BUFFALO, NY — June 10, 2026 — A new #research paper was #published in Volume 18 of Aging on May 18, 2026, titled “Transcriptional programs diverge in aging mouse and human skeletal muscle.”
The study was led by co-first authors Charles D. Hwang and Siti Rahmayanti and corresponding author Indranil Sinha from Brigham and Women’s Hospital, Harvard University.
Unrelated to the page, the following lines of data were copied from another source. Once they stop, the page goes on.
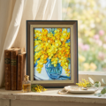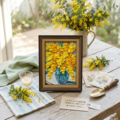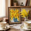 「春を告げる、幸せの黄色い花束」は、春の訪れを贈る特別な油絵作品です。このアートは、鮮やかなミモザの花束を重厚感のあるタッチで描き出し、観る人の心を明るく照らします。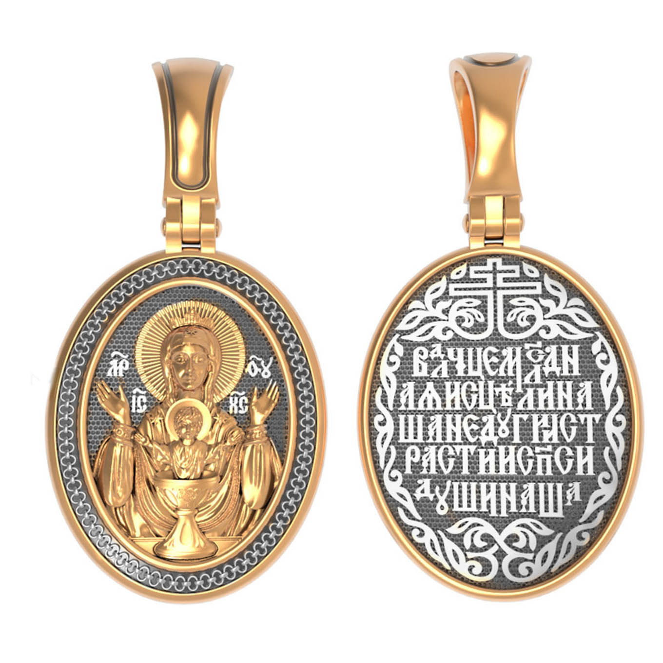На лицевой части образка изображена икона Божией Матери «Неупиваемая чаша». Икона славится помощью в исцелении зависимостей, помогает людям обрести свободу от греховных страстей.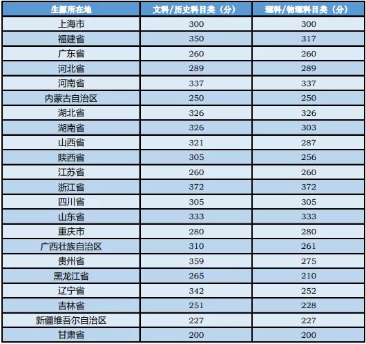 音乐学、音乐艺术管理、音乐治疗2021年录取原则为文化课成绩不低于生源所在省2021年本科艺术类录取控制分数线的130*,按专业成绩、文考成绩各占50*的综合分,由高到低依次录取。2020年录取原则为文化课成绩不低于生源所在省2020年本科艺术类录取控制分数线的150*,按专业成绩、文考成绩各占50*的综合分,由高到低依次录取。今年文化录取线划分由艺术类省控线的150*下降至130*。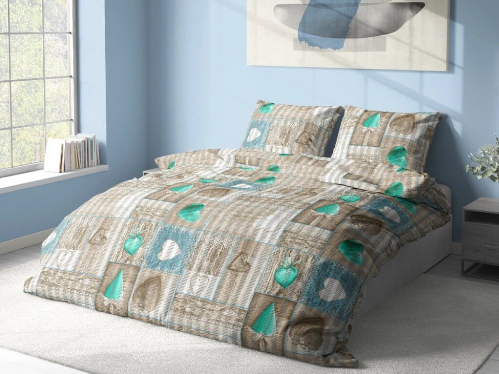 Aaryans krep povlečení HEARTS zelené 140x200 70x90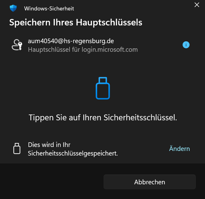 Microsoft Konto: Sicherheitsschlüssel (Yubikey) hinzufügen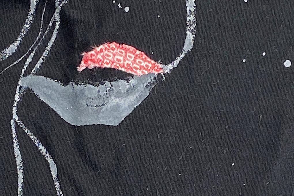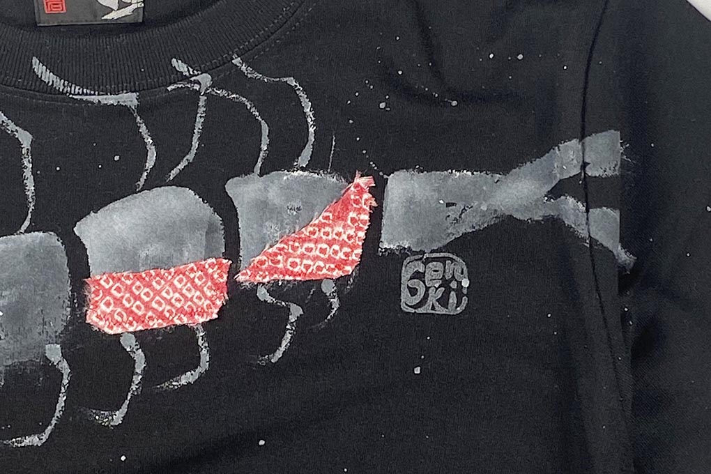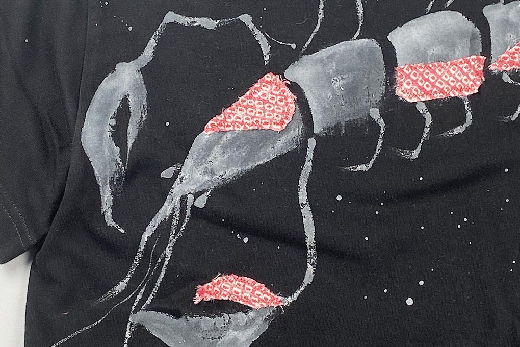 身体よりも長い手足。不思議なフォルムで手長海老を表現しました。 高度な職人技である京鹿の子絞り。 その生地を体に付けて面白いリメイクをしました。 独特の立体感や色合い、そして、繊細なにじみと作家独特の大胆な筆使いをお楽しみ下さい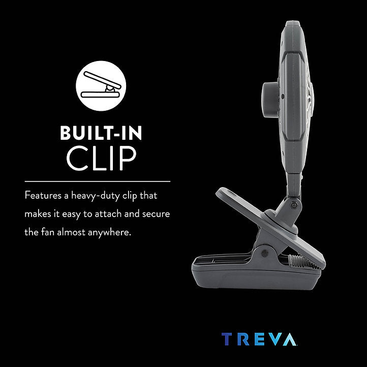 The TREVA 5" CLIP FAN is perfect for indoor or outdoor cooling needs. For use on picnic tables, ladders, golf carts, beach chairs, in the car, on headboards, strollers and more! The heavy-duty clip allows you to attach fan to any stable surface up to 1.5” thick. Fan head rotates and pivots to direct airflow anywhere you needed it. Compact, lightweight design make it great for travel and easy to store.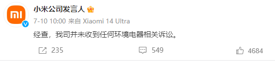 隨後,小米方面在7月10日硬氣回應:經查,我司並未收到任何環境電器相關訴訟。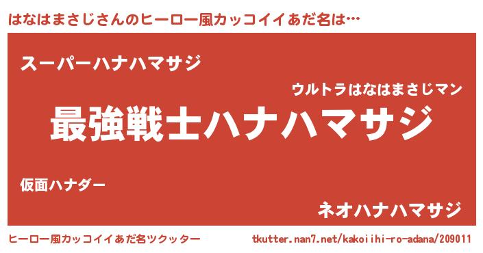 | 男性向けラノベタイトル風あだ名 | 『はなはまさじに滅ぼされるだけの簡単なお仕事です』 |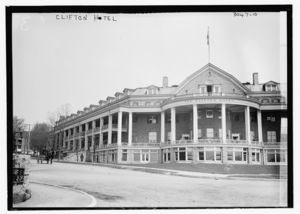 Old Point Comfort, view of Chamberlin Hotel from wharf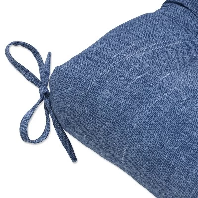 This large outdoor bench cushion features a distinguished, textured solid. Printed in shades of blue, it easily coordinates with many patterns, colors and decor styles. A casual distressing adds artist-intended imperfections and character. Additional features of this large outdoor bench cushion include tufted detailing, 14″ ties and recycled polyester fiber fill with a sewn seam closure. Also suitable for indoor use.
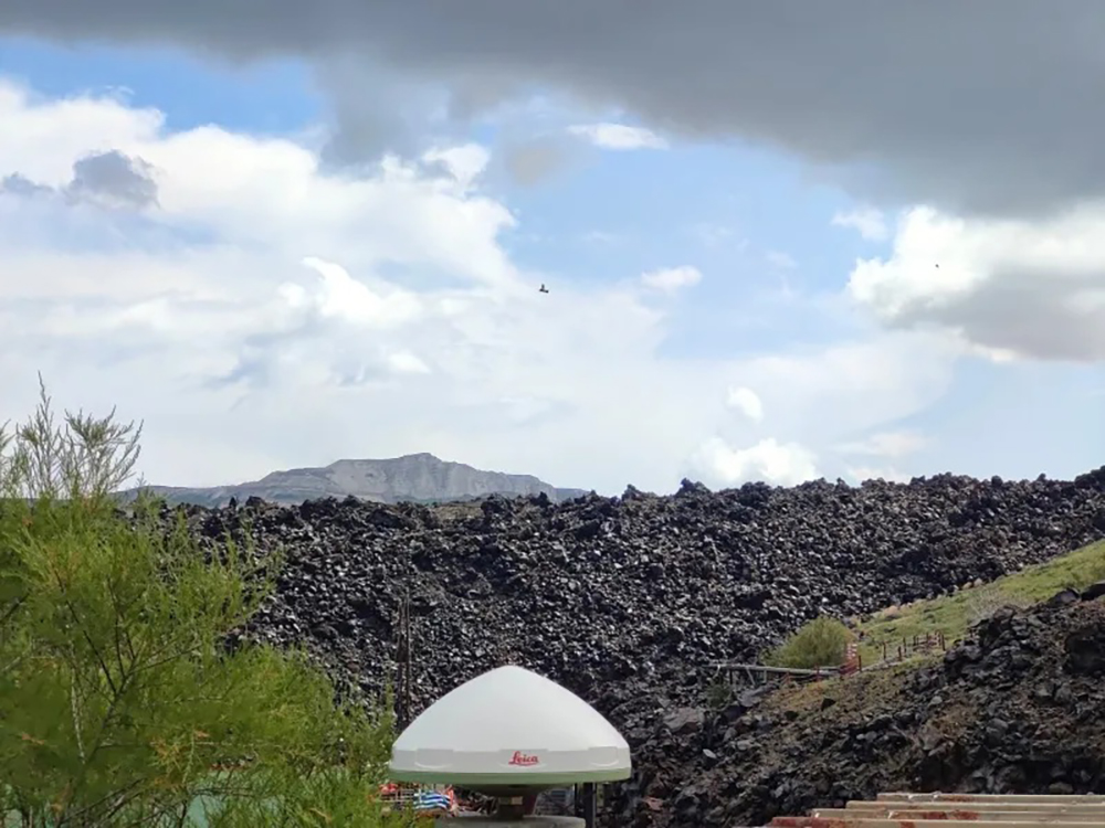 Καλώδια, φωτοβολταϊκά πάνελ και τοπογραφικά όργανα που μοιάζουν με τηλεσκόπια και μετρούν γωνίες και αποστάσεις «αγκαλιάζουν» την καλντέρα, γίνονται ένα με το ηφαιστειακό τοπίο και προσπαθούν να καταγράψουν οτιδήποτε θα μπορούσε να προμηνύει ένα νέο φαινόμενο.
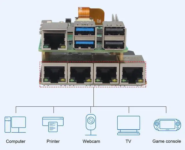 This kit includes a ZP597 PCIe Peripheral Board and a metal case. It is compatible with the latest Raspberry Pi 5 2GB/4GB/8GB/16GB board. ^^ The ZP597 is a 4 ports gigabit Ethernet network expansion board specially designed for Raspberry Pi 5, adding 4 1GBE network ports for Raspberry Pi 5. ^^ Use these 4 ports as LAN port and the network port that comes with the Raspberry Pi 5 as a WAN port, so that you can build your own router or switch with the Raspberry Pi 5. The adapter board can also be used to other multi-network port applications, such as Robot, Smart Home, VOIP, Industrial Equipment and more.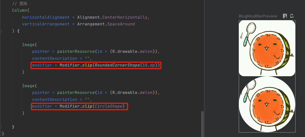在平常的设计中经常会用到圆角或者圆形的图片,在AndroidView中实现这种功能比较麻烦,一般是使用自定义View的方法去实现。但是这种方法十分麻烦,所以通常是采用第三方的库来实现圆角或者圆形的图片。但是在Compose中Modifier提供了切割(Clip)的功能,通过该功能我们可以很方便的将图片切割成想要的形状,并且Compose中还内置了圆角以及圆形的形状。下图实现了一个四角圆角为10dp的图片以及一个圆形图片: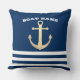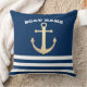 Coussin Nautical, Gold Anchor Navy Blue Striped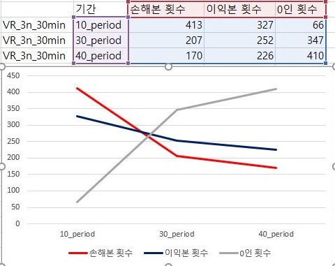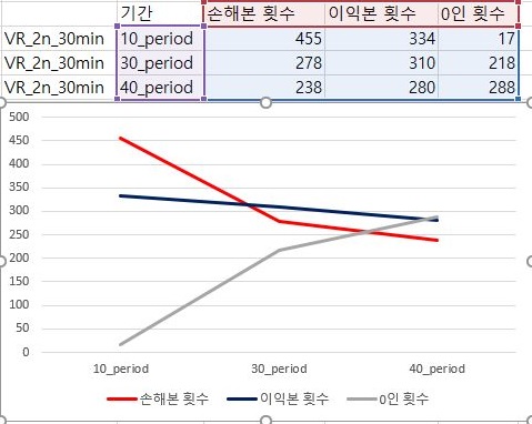 그리고 나서 다음으로 볼 수 있는 것처럼 최고의 이익량과 손해량을 한번 비교해보면, 일단 30period까지는 이익은 변하지 않고, 40period에 들어가면, 손해의 최대치는 좀 줄어들지만, 이익의 최대치도 줄어드는 현상을 볼 수 있습니다.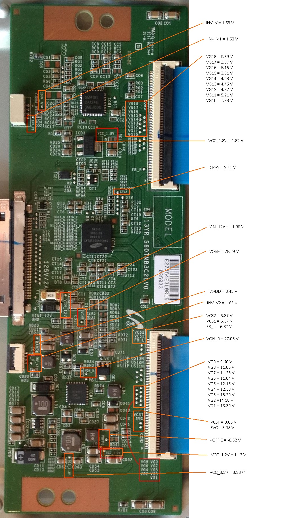 At the supply board I have what I assume is normal voltage for the 21v power on and the 3.3v standby/always on. I haven't really checked anything on the main board because I'm not sure what I should be looking for. It's definitely getting voltage though. Also I had a small crimp in my cable from main to the T-Con(?) but it's no worse the the folds from the factory. I started checking continuity on that but kinda gave up after the 10th pin.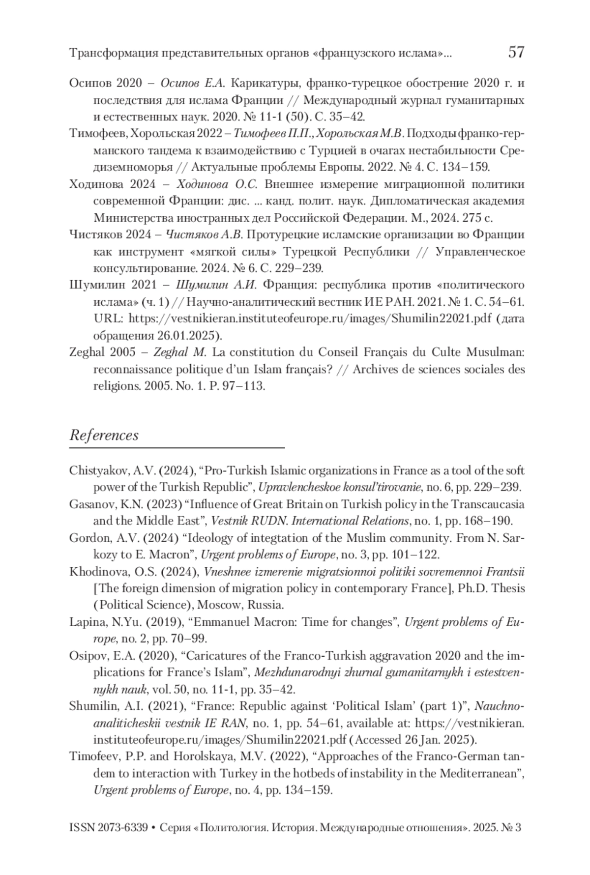 2. Гордон 2024 - Гордон А.В. Идеология интеграции мусульманского сообщества от Н. Саркози к Э. Макрону // Актуальные проблемы Европы. 2024. № 3. С. 101-122.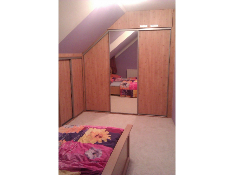 Vestavěné skříně do podkorový se sešikmeným bokem a šikmí my posuvnými dveřmi i s otvíravými dveřmi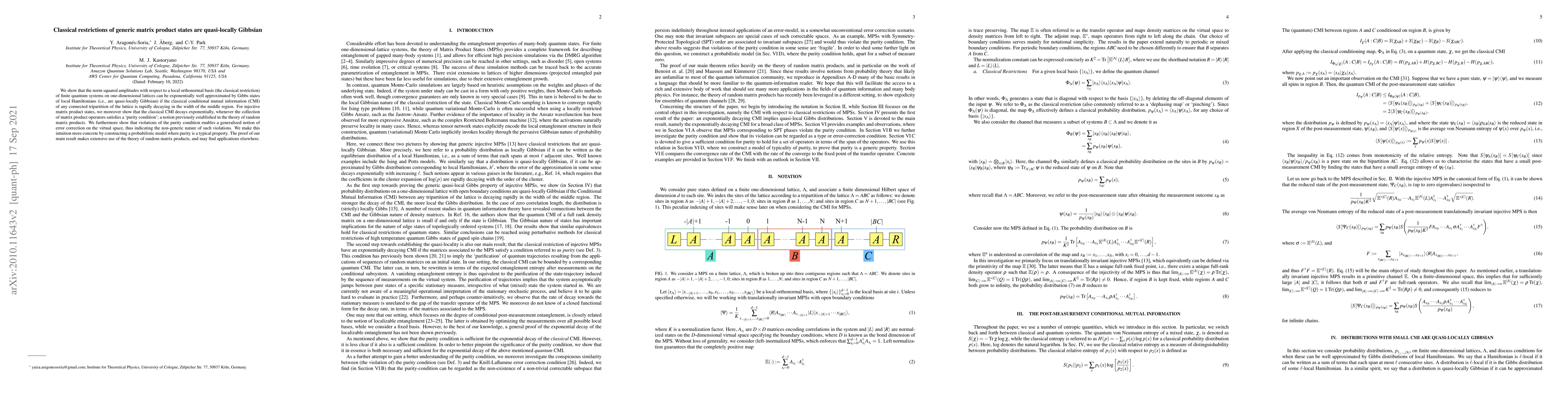 We show that the norm squared amplitudes with respect to a local orthonormal basis (the classical restriction) of finite quantum systems on one-dimensional lattices can be exponentially well approximated by Gibbs states of local Hamiltonians (i.e., are quasi-locally Gibbsian) if the classical conditional mutual information (CMI) of any connected tripartition of the lattice is rapidly decaying in the width of the middle region. For injective matrix product states, we moreover show that the classical CMI decays exponentially, whenever the collection of matrix product operators satisfies a 'purity condition'; a notion previously established in the theory of random matrix products. We furthermore show that violations of the purity condition enables a generalized notion of error correction on the virtual space, thus indicating the non-generic nature of such violations. We make this intuition more concrete by constructing a probabilistic model where purity is a typical property. The proof of our main result makes extensive use of the theory of random matrix products, and may find applications elsewhere.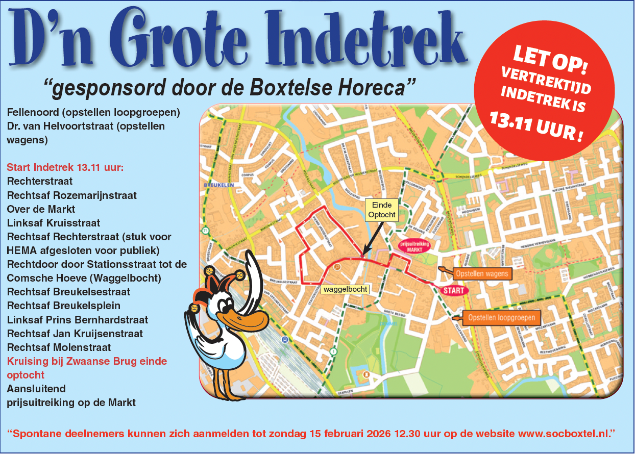 De Grote Indetrek in Boxtel (Indegat) vindt plaats op zondag 15 februari vanaf 13.11 uur.
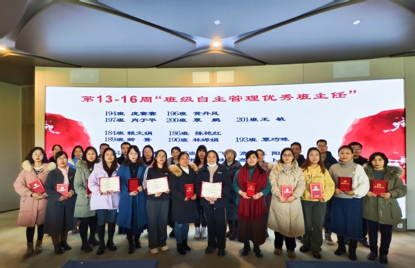 三、“班级自主管理优秀班主任”颁奖仪式 成长没有一锤定音,教育没有一劳永逸。最后由学校领导对第13-16周“班级自主管理优秀班主任”进行表彰,以及对参与本次交流活动的10位优秀班主任颁发“素质教育先进个人”奖。全体班主任从中感受到了优秀班主任的高度责任感以及对落实自主管理的认可,充分发挥激励带动作用,也为学校落实“自主管理”提供了良好借鉴。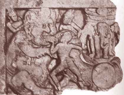 Mahilamukha overhearing the evil conversations of the burglars. Mahilamukha-Jataka, Amravati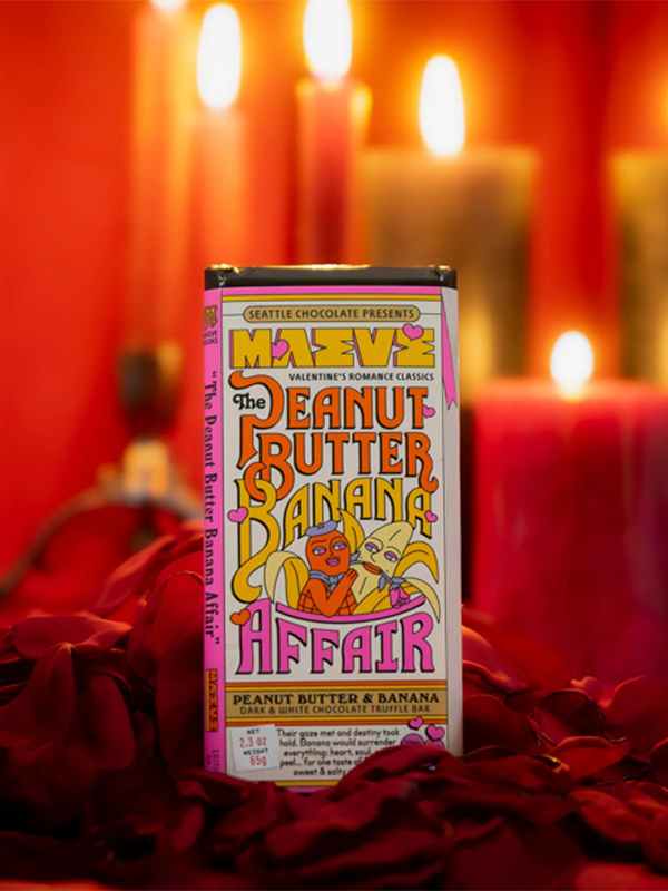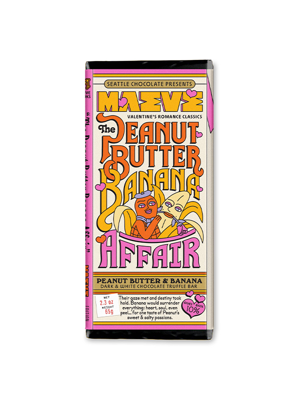✦ Ingredients: white chocolate (cane sugar, cocoa butter, milk, soy lecithin, natural vanilla), organic dark chocolate (cocoa mass, cane sugar, cocoa butter, soy lecithin, vanilla), peanut butter (roasted peanuts, salt), banana chips (bananas, coconut oil, cane sugar, natural flavor), sea salt, organic natural flavor. Contains milk, soy, and peanuts.
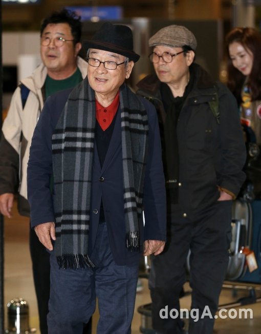 배우 이순재(가운데)가 25일 오후 인천국제공항을 통해 입국하고 있다.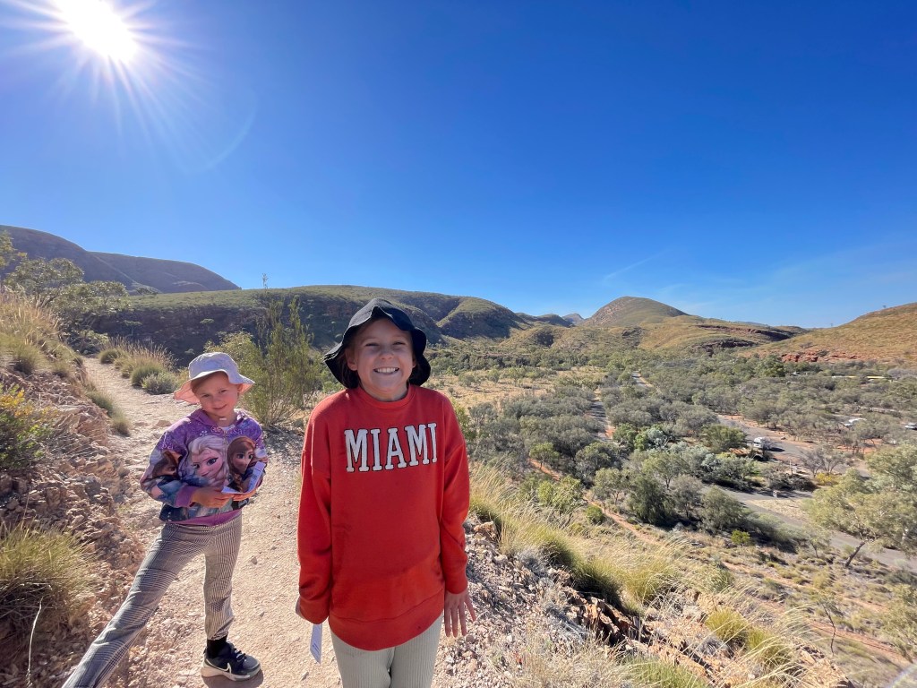 It was a steep climb up to the initial lookout, but totally worth the burn. The girls appreciated the view as well, which was nice. I remember this lookout as the final stop of our 5 day Larapinta trek and it was nice to bring the girls here and share this special place with them.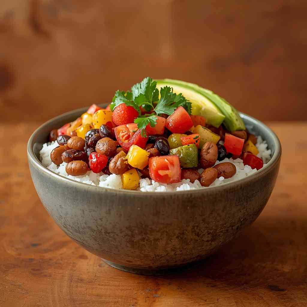 I love this recipe because it showcases how satisfying vegan meals can be without relying on processed ingredients. The flavors are bold, fresh, and comforting, while the nutritional profile is outstanding. The savory black beans, fluffy rice, zesty salsa, crunch from veggies, and creaminess from avocado all come together effortlessly. It’s one of those dishes that tastes indulgent yet fuels your body with fiber, protein, vitamins, and wholesome carbs.

Aging is widely associated with the gradual loss of muscle mass, strength, and physical function. Much of what scientists know about these changes comes from studies in laboratory mice, which are frequently used to investigate the biological mechanisms of aging and to identify potential therapeutic targets. However, an important question remains: how closely do aging-related changes in mouse muscle reflect what actually occurs in humans?
To address this question, researchers performed a detailed comparison of gene expression patterns in skeletal muscle from young and old mice and humans. The team analyzed RNA sequencing data from mouse gastrocnemius muscle and compared it with transcriptomic data from healthy young and older adults obtained through the National Institute on Aging’s GESTALT study.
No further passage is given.